We watched the new Quentin Tarantino film at The Cathay. I buried my face in his arm at the gory scenes. We held hands throughout the film.
At Ben and Jerry's post-movie, he held on to a $10 note the whole time we were there. I asked him why he was holding the note, and he said, "I was going to pay for you just now."
A while later, when I'd lapsed into staring into space, he turned to me and said, "I might be going to the US next year."
Love is as much about growing with a person as it is about letting him live his own life. But if I didn't love him, I wouldn't have hurt at the prospect of him being away for months on end - even if he was coming back.
When he saw that I had tears in my eyes, he pulled me to him and put his arms around me. He said, "I was thinking I might stay for you, but that's not right."
He also said, "Don't worry. If I leave with you, I'm coming back with you."
When we were outside, talking, just before we got into a cab headed for home, he repeated what he said at Ben and Jerry's, then added, "I should be worried that you wouldn't want to wait for me."
All of a sudden I feel like I can't breathe without him. How could I possibly not wait for him?
Feel sad about a lot of things.
The perennial issue of The Future.
The truth is, there's only been one thing in the world I've always wanted to do. That hasn't changed. I thought maybe it has, that maybe I really want to do this other thing I've said I want to do, but ultimately, there's only one thing that makes me happy.
A while back Thx U asked me what my dream was. I told him the truth, then asked him what his was. He said his dream was to make enough money to get him out of the country; specifically, to Hong Kong.
Nice dream, no doubt. And certainly, and infinitely, more attainable than mine.
Makes you wonder what the fucking point is of having passion, interests, ambitions, of wanting things, if the likelihood of success is next to slim. Makes you wonder why we bother with anything at all.
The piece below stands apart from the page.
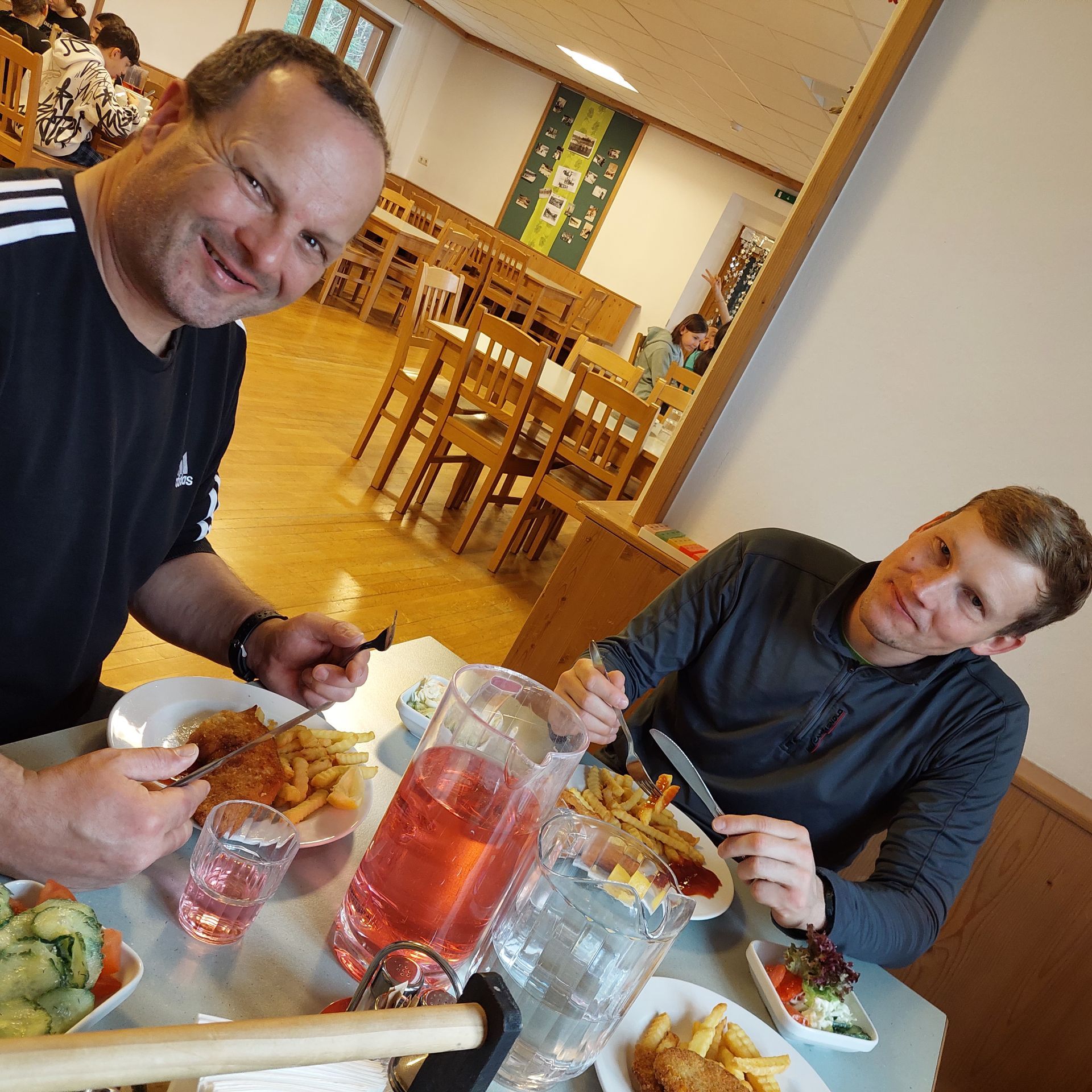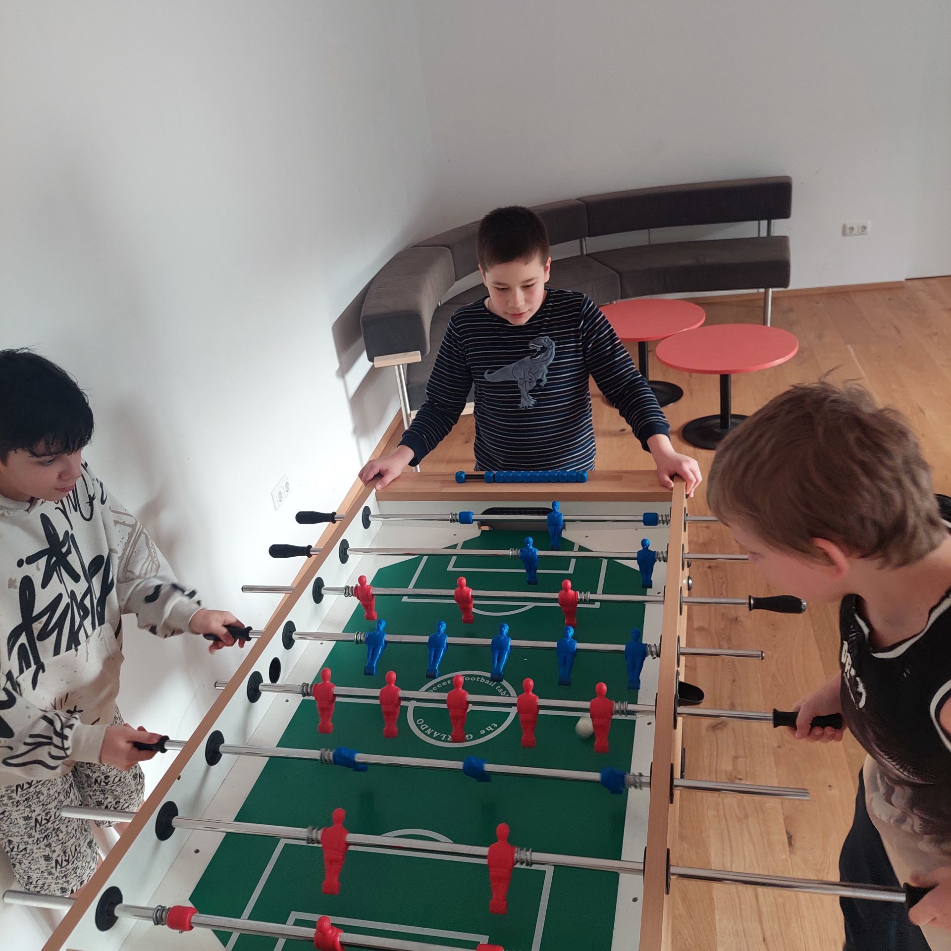 Geschafft kamen wir gegen Abend in unserer Unterkunft an. Dort hatten wir nach dem Abendessen die Möglichkeit Tischtennis, Kicker oder Karten zu spielen und die Sporthalle zu benutzen.

I told Wei Chuen I didn't like talking about this. And I don't. The physical reaction says it all - the throat closes up, tears spring to the eyes, and all of a sudden the world is a shade darker, more bleak, less bright, less optimistic, less hopeful.
I think, if I don't try it, I'm always going to wonder at the back of my mind if it would've worked out.
And yet, the opportunity cost of trying...in pure economic terms, it's not worth it.
But then again, if I were a person that functioned to the drum of pure economics, of pragmatism, then I wouldn't be sitting here writing this, now would I?
Bottom line, though, is still this:
Then again, I don't feel like articulating that either.
Felt fucking irritated tonight when I opened that Further Statement thing from the wonderful Board.
Felt fucking irritated, and all I wanted to do was to leave this stupid country and its claustrophobic four walls, leave everyone behind, and take Wei Chuen with me.
Oh, and my cow.
The Tarantino film was my first ever and I hated the gore, but it was strangely captivating even though there wasn't much of a plot. Good fun. The French girl was gorgeous.
And watching a film that was 75% French/German made me miss watching European films. Maybe I'm secretly a Europhile. I know for sure I'm an Anglophile, so the former wouldn't be too much of a stretch.
I love listening to French even though I understand maybe 5 words in total. I love listening to Roger speak French, and because of him, I can differentiate French from German (I've watched some snippets of news broadcasts in Swiss German about Roger). Even then, Swiss German sounds quite different from normal German.
There is no point to what I'm writing, except maybe this: I love Europe. I love the idea of Europe, the romance inherent in Europe, its languages, its history, culture.
I still wanna learn French. Yet another interest that isn't gonna take shape.